An exact transcription of every entry is required, with the images left out.

Stored data entries:
***
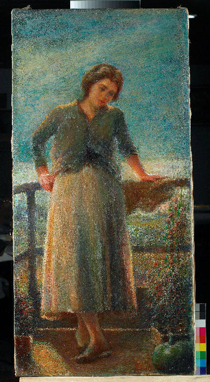 - NOTIZIE STORICO CRITICHE Con "Ritornerà?" databile 1900, ma opera di lunga e ripetuta pazienza: quasi sedici anni di ritorni di ispirazione e d'applicazione, abbiamo - è da supporre - il dipinto sul quale l'artista più s'indugiò anche affettivamente. Non essendo una pittura apertamente divisionistica, l'analisi estetica ne fa lo stesso una varizione e una elaborazione di temi noti tanto sentimentali che cromatici specialmente del divisionismo, pure, diremmo che la meccanicità del lavoro non ha distrutto, anche se triturandola, il complesso della poesia (Borgese, 1942, p. 62).\nCon un velato simbolismo, introdotto dal titolo dell'opera, Pasinetti evoca l'angoscia di un'attesa nella figura della moglie Teresina ritratta forse durante la gravidanza del secondo figlio Leone. La scelta figurativa ed il forte legame sentimentale che unì sempre il pittore di Montichiari a quest'opera trovano un curioso precedente in un noto dipinto di Angelo Morbelli, intitolato "La prima lettera" (1890), anch'esso gelosamente custodito dall'artista alessandrino poiché raffigurante la giovane moglie. Una vicinanza avvalorata dalla teccnica di Pasinetti, risolta come in Morbelli con la meticolosa stratificazione di colore trattato con un divisoinismo "polverizzato" e quasi impercettibile (Boifava, 2007, p. 39).
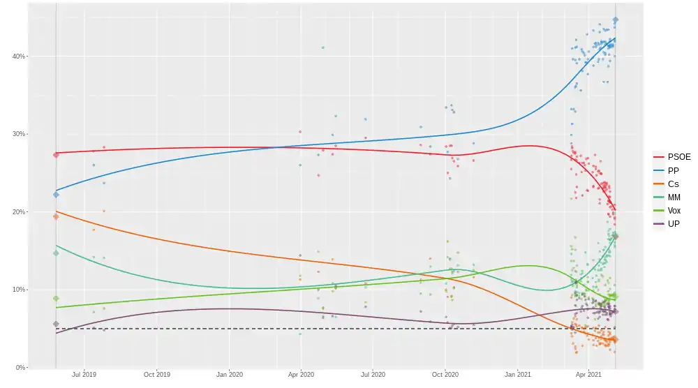 - "Los madrileños prefieren a Ayuso como presidenta antes que a Gabilondo". ElPlural.com (in Spanish). 28 April 2021.
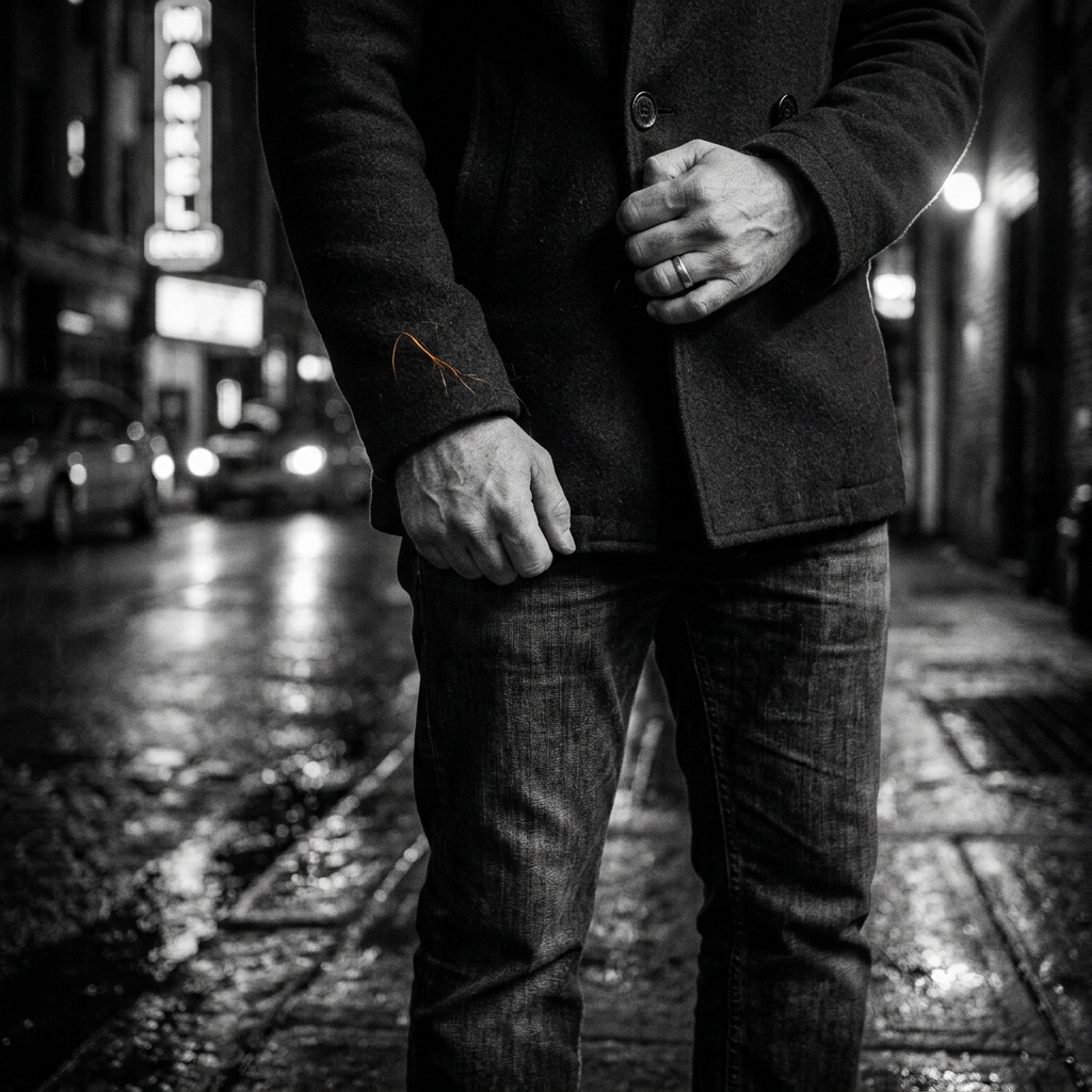 Strong rule: style --- Cinematic Film Noir, realistic animals with exp... ---. A human male, but we only see his hands, lower torso, or l...
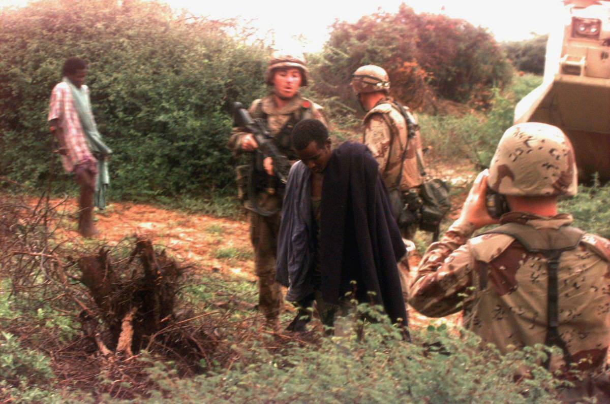 Somálští bojovníci na snímku se vzdávají americkým vojákům.
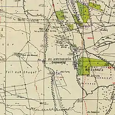 | Etymology: Tell el Khaneizîr, the mound of the swine[2] | |
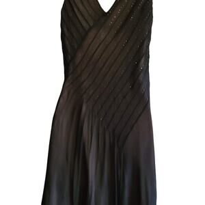 ADRIANNA PAPELL 100% Silk Beaded Midi Dress Asymmetric Hem Retro Style Women's 6
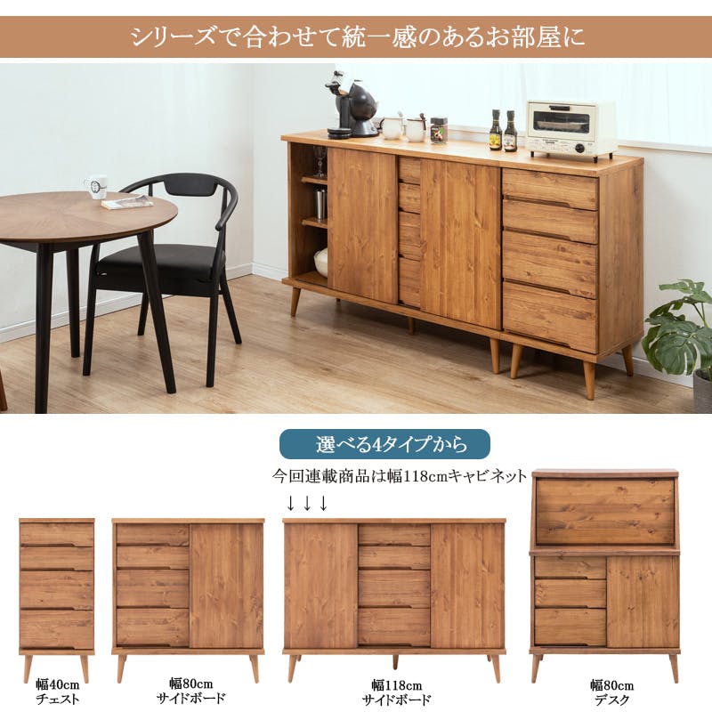 【Re:REBORN】 幅118 奥行42 高さ87.5 サイドボード ナチュラルヴィンテージ 日本製 完成品 大川家具 天然木 天然木パイン材 オイル塗装 ラバーウッド キャビネット 引戸 引き戸 引出し 引き出し A4 収納 スライドレール 書棚 棚
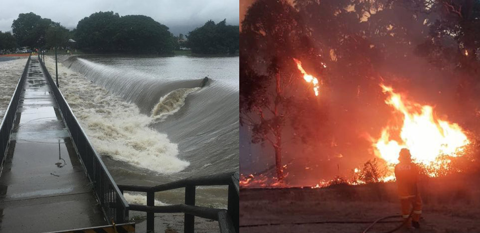 “Luckily water flows downhill so we expect the northern floodwaters to douse the southern bushfires in the next few days.”
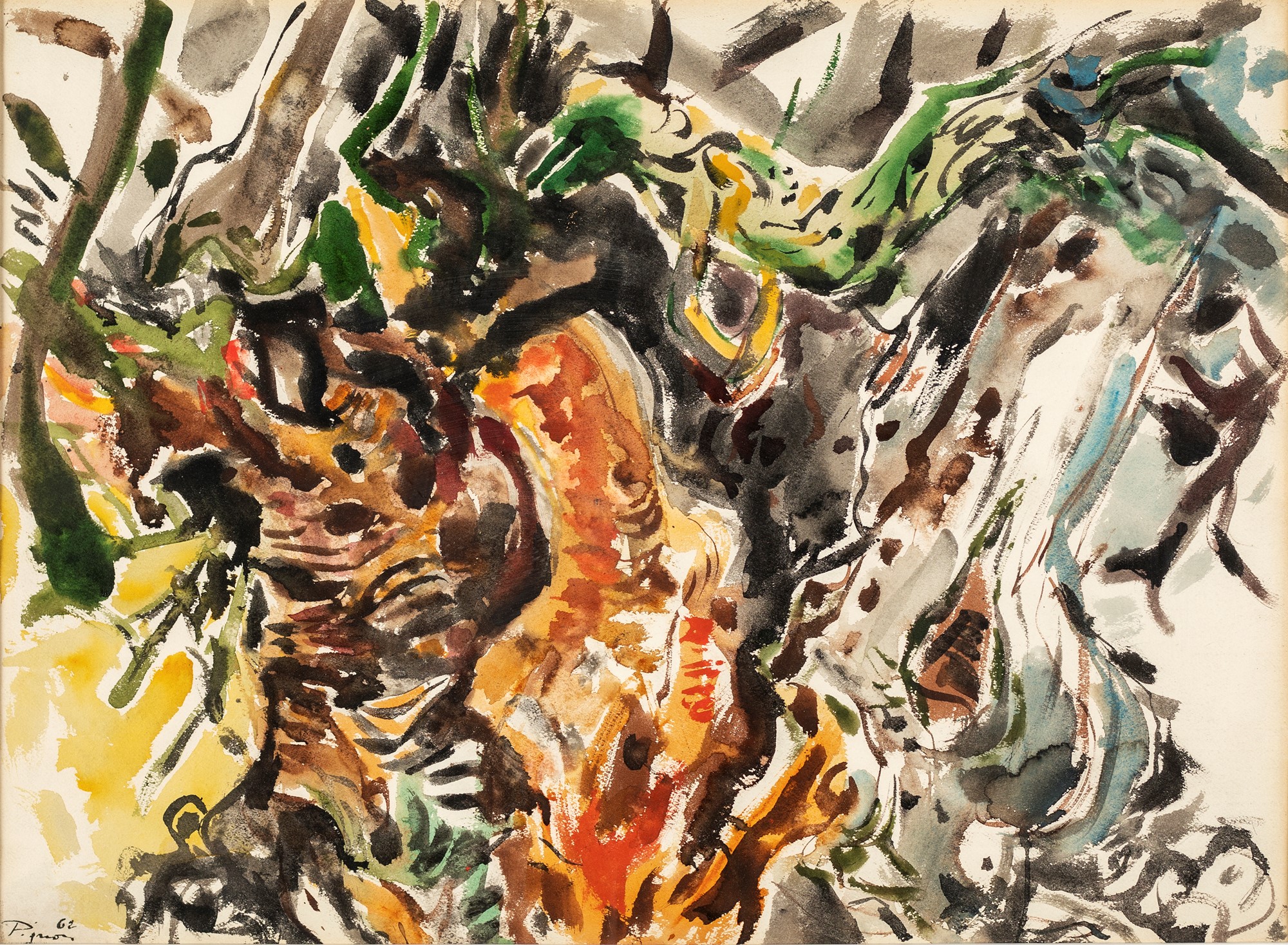 Edouard Pignon - L'Olivier - Firma e data sul fronte in basso a sinistra. Al verso reca titolo - tempera su carta - 56x75,8 - 1962
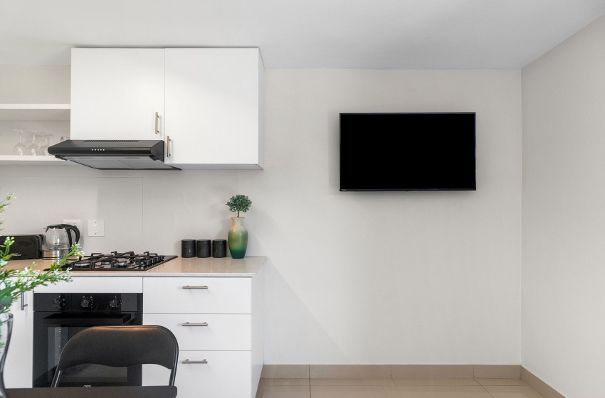 Walking into the property, you are greeted with an open-plan kitchen and lounge. The kitchen is equipped with all necessary amenities for a comfortable self-catering stay, with a washing machine for added convenience. The kitchen seamlessly flows into the lounge, creating a space that is intimate yet spacious. The lounge is bathed in natural light streaming in from the large windows. The space is stylishly furnished with a comfortable 2-seater couch, modern coffee table and a flatscreen TV. Wi-Fi is available throughout the apartment.
***
* [Response to the exercise]:
 - NOTIZIE STORICO CRITICHE Con "Ritornerà?" databile 1900, ma opera di lunga e ripetuta pazienza: quasi sedici anni di ritorni di ispirazione e d'applicazione, abbiamo - è da supporre - il dipinto sul quale l'artista più s'indugiò anche affettivamente. Non essendo una pittura apertamente divisionistica, l'analisi estetica ne fa lo stesso una varizione e una elaborazione di temi noti tanto sentimentali che cromatici specialmente del divisionismo, pure, diremmo che la meccanicità del lavoro non ha distrutto, anche se triturandola, il complesso della poesia (Borgese, 1942, p. 62).\nCon un velato simbolismo, introdotto dal titolo dell'opera, Pasinetti evoca l'angoscia di un'attesa nella figura della moglie Teresina ritratta forse durante la gravidanza del secondo figlio Leone. La scelta figurativa ed il forte legame sentimentale che unì sempre il pittore di Montichiari a quest'opera trovano un curioso precedente in un noto dipinto di Angelo Morbelli, intitolato "La prima lettera" (1890), anch'esso gelosamente custodito dall'artista alessandrino poiché raffigurante la giovane moglie. Una vicinanza avvalorata dalla teccnica di Pasinetti, risolta come in Morbelli con la meticolosa stratificazione di colore trattato con un divisoinismo "polverizzato" e quasi impercettibile (Boifava, 2007, p. 39).
 - "Los madrileños prefieren a Ayuso como presidenta antes que a Gabilondo". ElPlural.com (in Spanish). 28 April 2021.
 Strong rule: style --- Cinematic Film Noir, realistic animals with exp... ---. A human male, but we only see his hands, lower torso, or l...
 Somálští bojovníci na snímku se vzdávají americkým vojákům.
 | Etymology: Tell el Khaneizîr, the mound of the swine[2] | |
 ADRIANNA PAPELL 100% Silk Beaded Midi Dress Asymmetric Hem Retro Style Women's 6
 【Re:REBORN】 幅118 奥行42 高さ87.5 サイドボード ナチュラルヴィンテージ 日本製 完成品 大川家具 天然木 天然木パイン材 オイル塗装 ラバーウッド キャビネット 引戸 引き戸 引出し 引き出し A4 収納 スライドレール 書棚 棚
 “Luckily water flows downhill so we expect the northern floodwaters to douse the southern bushfires in the next few days.”
 Edouard Pignon - L'Olivier - Firma e data sul fronte in basso a sinistra. Al verso reca titolo - tempera su carta - 56x75,8 - 1962
 Walking into the property, you are greeted with an open-plan kitchen and lounge. The kitchen is equipped with all necessary amenities for a comfortable self-catering stay, with a washing machine for added convenience. The kitchen seamlessly flows into the lounge, creating a space that is intimate yet spacious. The lounge is bathed in natural light streaming in from the large windows. The space is stylishly furnished with a comfortable 2-seater couch, modern coffee table and a flatscreen TV. Wi-Fi is available throughout the apartment.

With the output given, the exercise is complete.